Back on May 1, Anne had surgery to remove what was thought to be a benign tumor called a meningioma from the area in her brain where her bleed had taken place in 2004. We were dismayed to be given a far more serious diagnosis once the doctors could actually do studies of the tumor. She has a very, very dangerous cancer called a glioblastoma multiforme and worse, another very rare but dangerous tumor called a gliosarcoma. This second tumor could be a consequence of getting radiation from CT-scans in 2004, or it could be associated with an earlier incident that took place in 1992 or 1993 in our cabin. I think it might also have something to do with Fukushima. Maybe they both do, but so far no statistics have emerged that would suggest this. My problem with that is, would we be told if Fukushima radiation was causing cancer here?
Here is what happened at the cabin: One night, I saw a reddish glow coming from the living room. I ran to the balcony that overlooked it and observed a reddish-orange orb hanging just above the couch. Our Burmese cat Sadie was on the back of the couch and appeared to be moving toward it. By that time, I had a camera ready, but as I ran to the bedroom to grab it, there was a flash of light and when I got back, the orb was gone.
Sadie was curled up in a ball on the couch. When I roused her, she seemed all right, so I went to bed. But the next morning, she came struggling down the hallway yowling. I could see growths in both of her eyes. When we took her to the vet, we found that she had suddenly gotten cancer. She died within a couple of weeks. Two years later the other cat, which had been asleep in our bed upstairs, also died of cancer.
Did Anne and I receive radiation doses then, and is that why she has a gliosarcoma? I was physically closer to the event than Anne was, so if I come down with a radiation-associated tumor also, then we'll know, but there is presently no way to tell. What we do know is that we are facing the most serious crisis of our lives. My wife of 42 years, 66 years old and previously in excellent health, may not survive this.
We are taking a four-pronged approach to the illness. First, we're going with the standard radiation-chemotherapy protocol. This will not cure the cancer, but if it works well, it could give Anne some good years. We have also set up a program of supplements and gone on a ketogenic diet. This last is a very rigorous version of the Atkins diet that eliminates absolutely all sugars and carbs. The reason for the diet is that tumors can only feed on glucose, and this drops your glucose levels to rock bottom, causing most of your normal cells to feed on what are called ketones instead, and leaving the cancer cells to starve.
We are also taking up Qi Gong with a master associated with the UCLA Medical Center who is himself a cancer survivor of many years standing. The energetic approach offered by Qi Gong has been beneficial to many cancer patients.
Unfortunately, Anne's tumor is not accessible to any of the promising therapies now in advanced clinical trials, so we don't have the option to go on a clinical trial. A second round of chemotherapy with a drug called Avastin will be available to us when and if the cancer starts to grow again. Our oncologist is one of the inventors of this treatment, so we can be assure of the best possible management should it become necessary.

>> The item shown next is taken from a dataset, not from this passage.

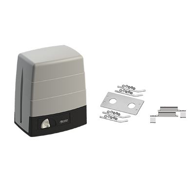 Onomkeerbare elektromechanische motor 230Vac, ideaal voor schuifpoorten tot 400kg met ingebouwde besturingseenheid serie H70 en optische encoder. Compleet met bevestigingsvoet met trekstangen en magnetische eindschakelaar.

However, the truth that we are both facing together is that there is a much greater probability of death here than we had ever expected. As all of you know, I have been on a profound spiritual journey. I know that there is not only an afterlife, but that it is much richer and more varied than this one, where we are inserted into these very dense bodies that prevent us from seeing outside of the time stream. We come into this state in order to be able to act entirely out of our essences, without the enormous knowledge that attaches to 'normal' life, which is life outside of the body and outside of time. Earth, like many other such worlds, is a place of self-testing and self-discovery.
Anne has had very few instances of contact with the outside world, but just enough to make her pretty sure that there is an afterlife, but that our religions and belief systems offer very little real knowledge of it. I'm in a different position. I explored this other reality for years. I know for certain that it is there--that, in fact, physical life is embedded in it, a very small part of a much larger spectrum of consciousness.
Still, facing the next phase is hard. It's scary. Anne is a brave human being, and has nothing to take with her from this life of which she need be in the least ashamed. When she had her NDE in 2004, she saw people sitting and waiting, clutching bundles of things that they could not let go from this life. Anne will step off free of such bundles, and will soar.
If it happens this way, I am going to have a huge personal struggle. We are deeply, profoundly bonded. It is a truly symbiotic marriage. If I must slog on alone in this unforgiving density, I really cannot think how I will bear it.
If I must, though, I will. I am quite certain that we will continue on together in some way. But right now, our focus is on the present and on accomplishing the impossible. We seek to learn to live with this eerie visitor who has insinuated itself into our lives. We know that he will not leave the house of her body, but perhaps we can lull him to sleep there, we hope for a long time.